We have no such case as that here. Prior to the adoption of chapter 185, Laws of 1926 (Hemingway's 1927 Code, sections 6087 to 6089, inclusive), the sale value of forfeited tax lands owned by the state, when sold at more than one dollar and twenty-five cents per acre, was appraised and fixed by the Governor and the land commissioner, as provided by sections 2912 and 2916, Code 1906 (Hemingway's 1927 Code, sections 6080, 6084). Under section 2 of chapter 185, Laws of 1926 (Hemingway's 1927 Code, sections 6087 to 6089), lieu patents were authorized to be issued to the purchasers of urban forfeited tax lands held by the state whose patents were void, at a valuation appraised and fixed by the Governor, the attorney-general, and the land commissioner.

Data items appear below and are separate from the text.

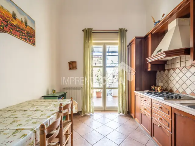 L’appartamento è in buono stato, arredato come in foto, ed è dotato di impianto di riscaldamento autonomo, climatizzatori, pavimentazione in ceramica, porte interne in legno laccate bianche, infissi in alluminio e vetrocamera, tetti a volta con cornici in gesso, porta d’ingresso blindata con cilindro europeo.
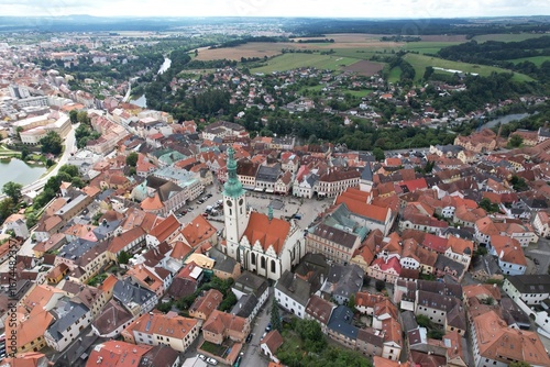 © Semi, Obraz premium Tabor old town historical city center aerial view with medieval structures Bohemia Czech republic
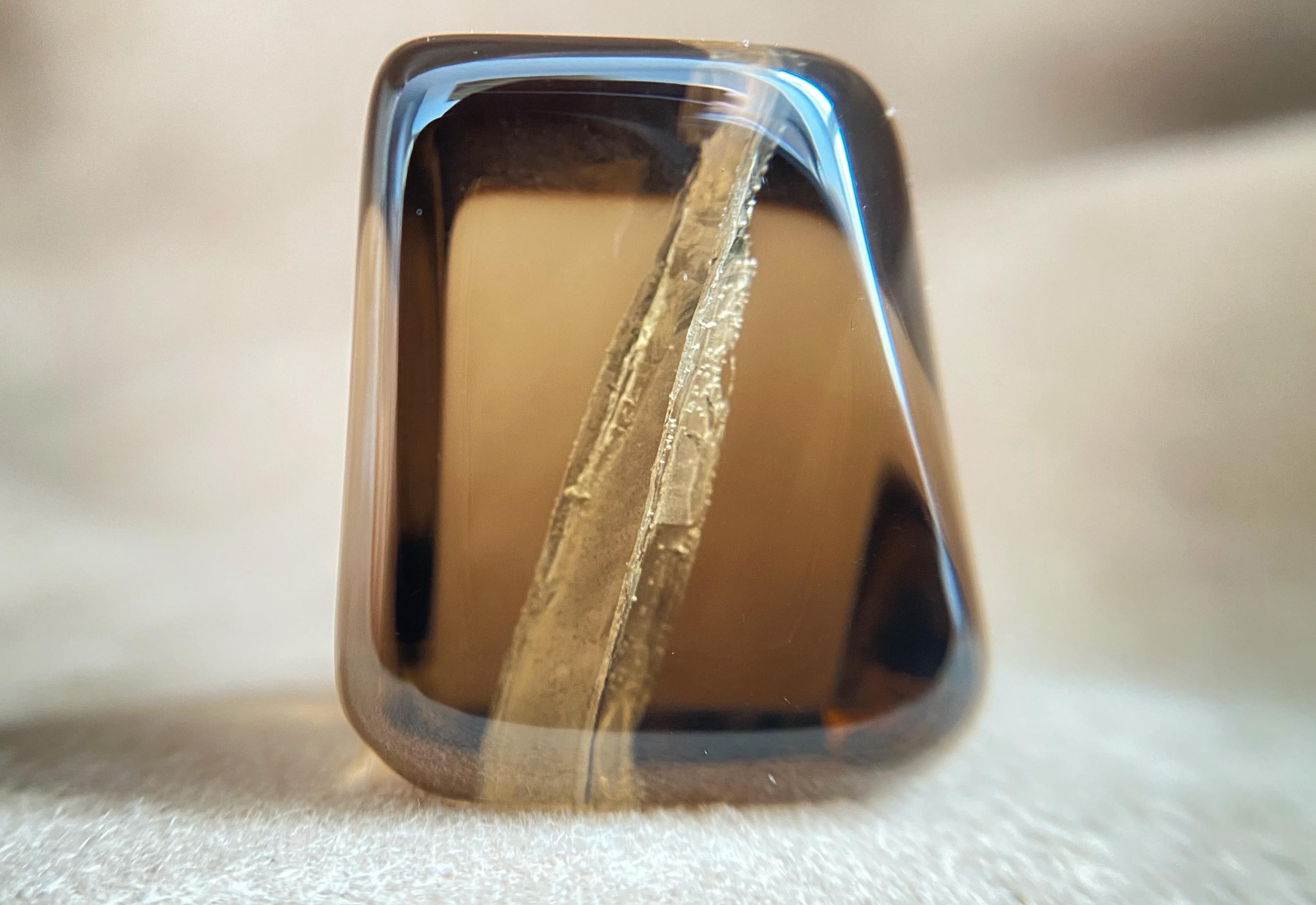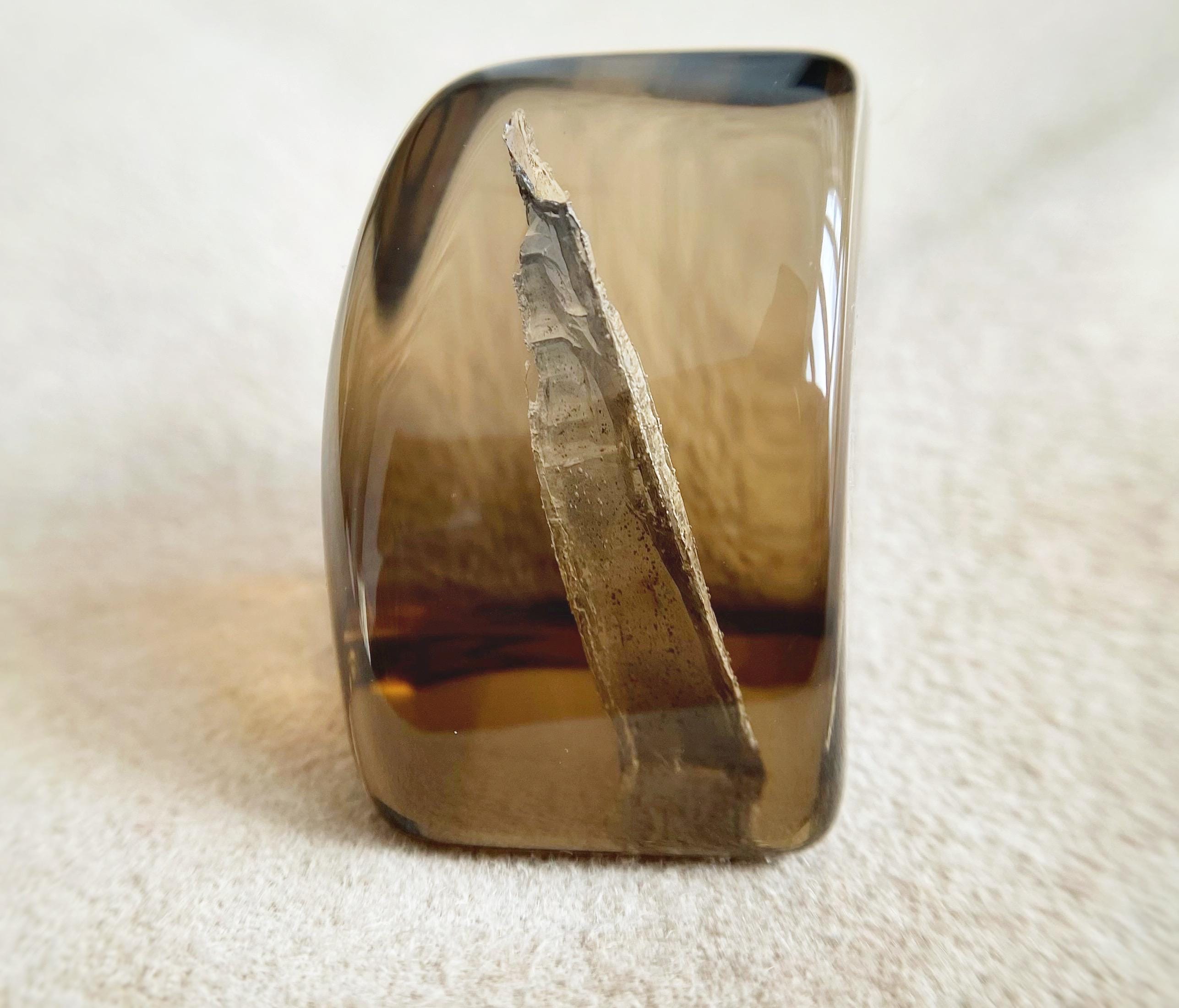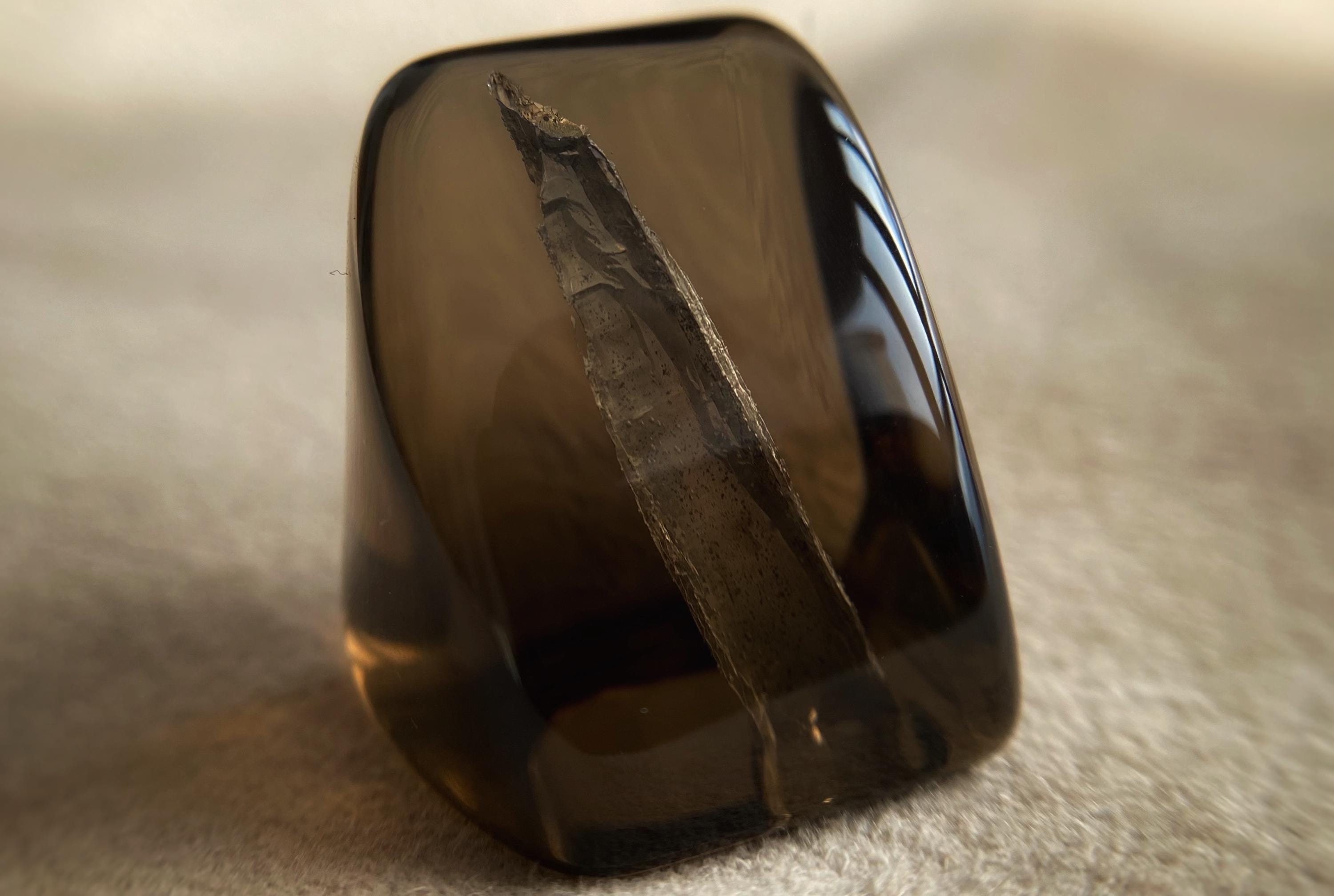 Smoky quartz from Ukraine, featuring a natural internal anomaly in the form of a crystal-shaped void that penetrates the stone from two sides.
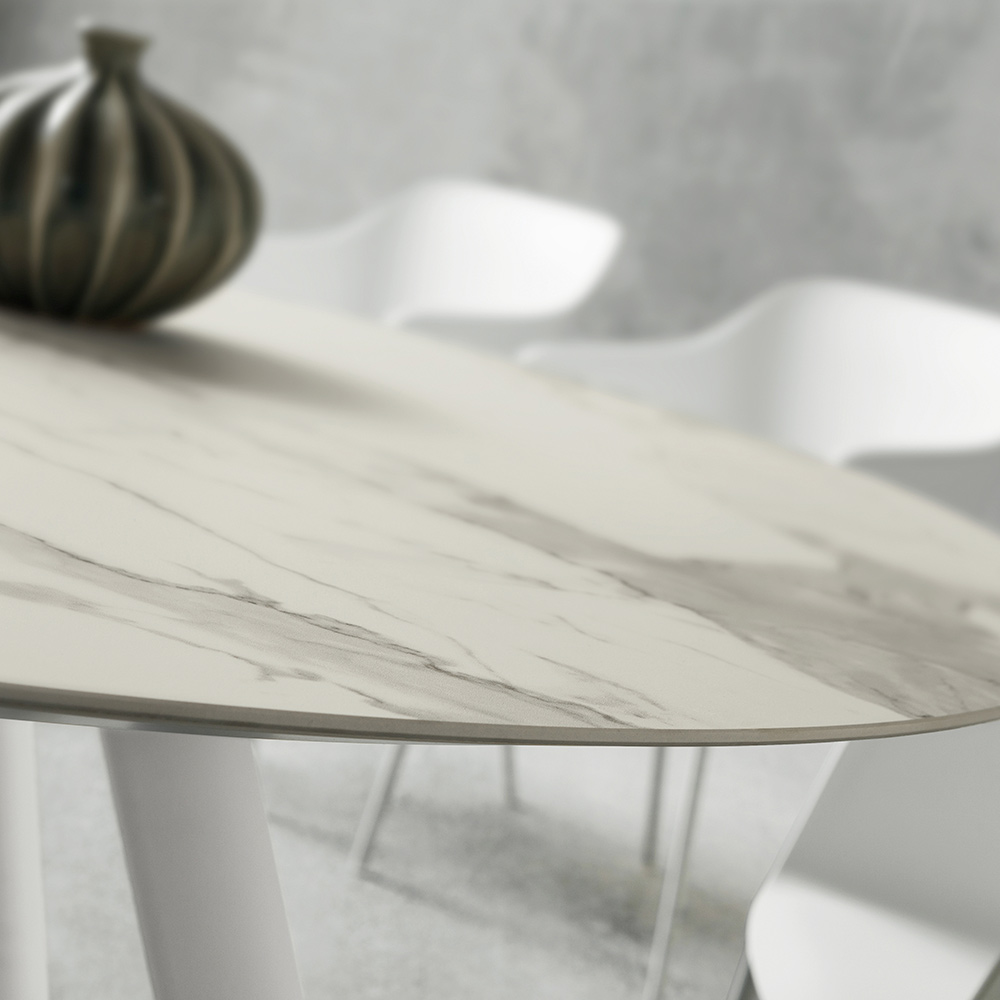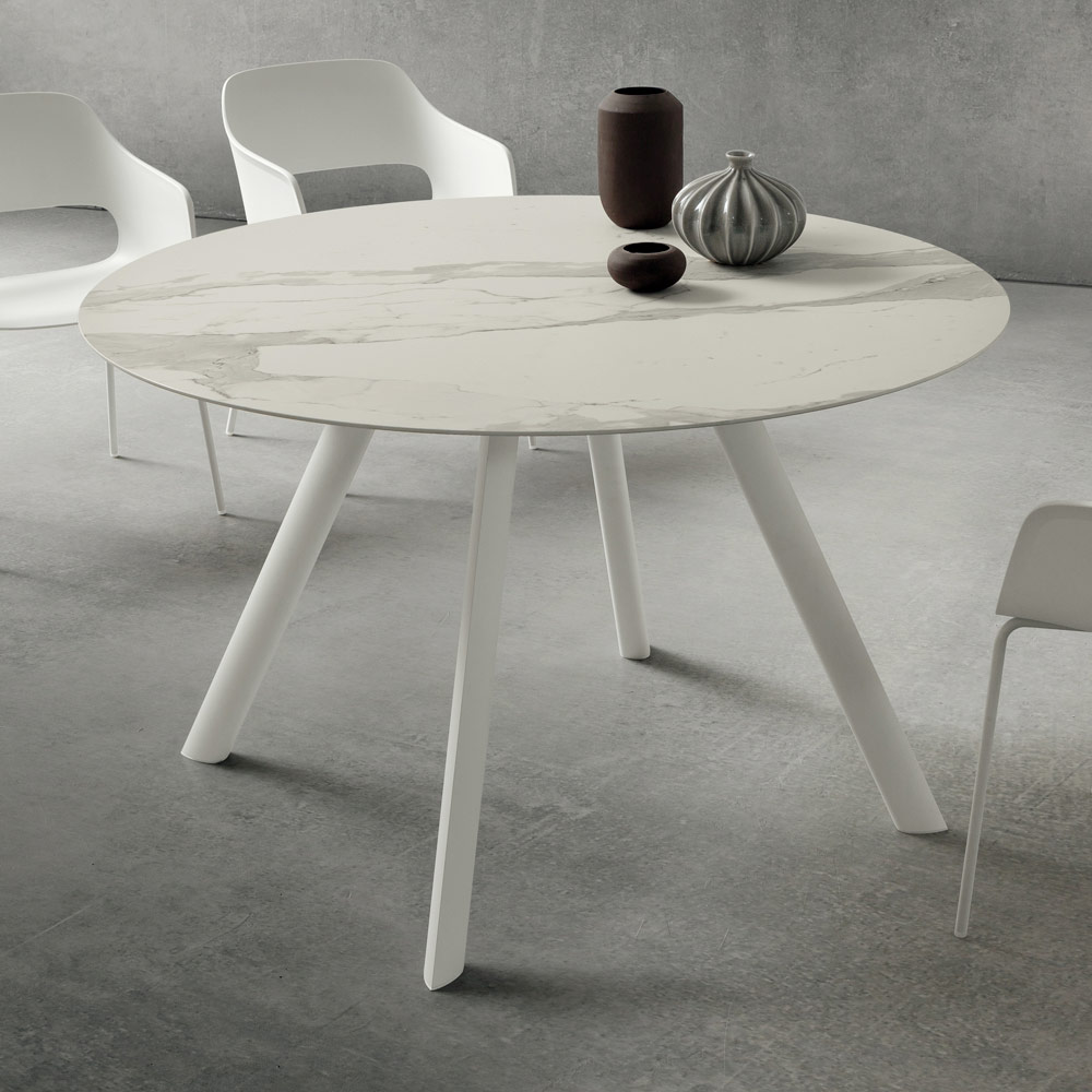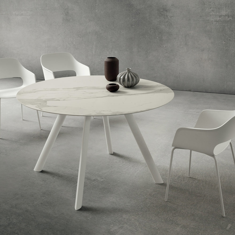 Luksus spisebord med rund laminam keramikplade Made in Italy.

Appelleee's patent, issued on June 4, 1926, recites, among other things, that it was issued in lieu of a previous patent to appellee, and that all legal requirements had been complied with in its issuance. If that recital in the patent be true, it means that the Governor, the attorney-general, and the land commissioner, in good faith, appraised and fixed the value of these lots for sale. Appellee is entitled to the benefit of the presumption that the Governor, the attorney-general, and the land commissioner faithfully performed their official duties in fixing the sale value of the lots. Such presumption, if not conclusive, is at least prima facie true. Jackson County v. Neville,131 Miss. 599, 95 So. 626. Appellant did not undertake to overturn that presumption. No evidence was offered to show bad faith on the part of the Governor, the attorney-general, and the land commissioner in the performance of their duties in appraising and fixing the value of the lots, and the execution of the patent to appellee.